Beaver Reserves

Cree customary land tenure became the basis for a very successful species rehabilitation initiative - the Beaver Reserves - which increased the number of beaver lodges from 38 in 1933 to 309 by 1937.

The dawn of the 20th Century marked a dark period for the Cree. Famine struck Waskaganish and many bush camps in 1882, when starvation was reported at Rupert House. The causes are varied but most significant was a low natural population cycle in the main species trapped and hunted by the Cree. For example, while moose was abundant in the late 1600s, it was almost nonexistent in the Waskaganish area in 1827 and began to reappear shortly thereafter. The intensive trapping for fur bearing animals, especially beaver (an important food source), almost wiped out this specie (Morantz, 2002). Beginning in 1891 various epidemics began to take a toll on the Rupert House people, starting with a flu which took two lives and later whopping cough, scrofula (tuberculosis) and chicken pox were reported. The introduction of rifles by Revelillon frères Company in 1903 increased the pressure on the beaver. Coupled with competition between the now two established fur trading companies (HBC and Revelillon), Cree hunters did manage to increase their economic situation by accessing improved salaried positions as well as reduced travel time given the increased number of trading posts both on the coast and inland. Being skilled traders, the Cree hunters made good by negotiating better trading tariffs at different posts.
Nevertheless, starvation becomes widespread as many accounts confirm it. John Blacksmith from Waskaganish recounts his experience of life in the bush as a young boy. In the following passage he explains how his father found a group of starving Cree and how he took them in to recover:
James Watt and Inuit family behind clerk's house - Archives of Ontario

“They found one man, his wife, and two sons and one daughter. They had two boys there also and one girl that didn’t belong to him, seven kids altogether[...]The man who was nearly starving told my father that there had been lots of them in the group that fall. The ones that were starving were hunting way up inland – 200 miles. They told my father that even when they hunted together, none of them would bring anything to eat[...]So my father brought them to his place. The man was older than my father. His face was very thin, so poor, very poor-looking people. And they way he was before they found him was poorer than that. When they found a person that was starving, they just gave him a little fish to eat at first.

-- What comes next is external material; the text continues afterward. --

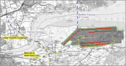bll competition A scheme for an airport, with a terminal & car park on Grain will be developed by Bll's architects. This in turn will be connected to an island in the estuary where the Bll competition will be held. |

When my father found these people he didn’t feed them very much, a little flour that was left, he fed them a little bannock first” (Preston, 2002:58)."

Beaver reserves cca. 1930
HBC Archives
Beaver reserves cca. 1930 HBC Archives

Harsh winters and decreasing numbers of food and fur bearing animals compelled many Cree families to settle at or near trading posts. James Watt, the post manager at Rupert House, wrote in 1929 that “the fear of starvation prevents the coast Indians from going far inland” (Morantz, 2002:113). Watt and his wife Maud are reported to ration their supplies so as to share them with the Cree established in the community. Alarmed by the situation the Watts began to consider formal conservations measures. Cree hunting practices have always included measures for beaver husbanding by tapping only a certain number per lodge or leaving several beaver lodges untouched in their respective hunting territory. Inspired by these practices the Watts established a beaver sanctuary in 1932 by ‘purchasing’ a beaver lodge from Robert Stephens and Andrew Whiskeychan, essentially paying them 60$ to mark the lodge as Watt’s and not kill the beaver there. HBC turned down Watt’s initial request for financial backing of the reserve, thus Maud made a month-long journey to Quebec City to negotiate a land lease with the deputy minister of colonization. A fifteen-year lease for a 7000 square miles of territory between the Eastmain and Rupert rivers and 20 miles inland beyond Nemiskau post was granted to Maud Watt in 1932. A year later HBC agreed to take on the lease ($10/year). The success of the Rupert House sanctuary quickly spread and other communities asked for similar measures in their territory. In all, three beaver reserves were created: the Rupert House in 1932; the Nottaway in 1938; and the Old Factory in 1941. In all, Cree hunters, such as John Blackned from Waskaganish, volunteered to manage the reserves as game wardens, they kept track of the beaver populations and reported on trapping within their respective territories. The initiative had great success. For example on Rupert House territory there were 38 lodges and 162 beavers in 1933, by 1937 approximately 1545 beavers and 309 lodges were reported (Morantz, 2002; Feit, 2005).

Sources
Morantz, Tobi. The White Man's Gonna Getcha: The Colonial Challenge to the Crees in Quebec. McGill-Queen's Native and Northern Series #30. Montreal: McGill-Queen's University Press, 2002.
Preston, Richard J. Cree Narrative, Expressing the Personal Meaning of Events (Second Edition). Montreal: McGill-Queen's University Press, 2002.
Feit, Harvey. 2005. "Re-Cognizing Co-Management as Co-Governance: Histories and Visions of Conservation at James Bay." Anthropologica. 47 (2): 267-288.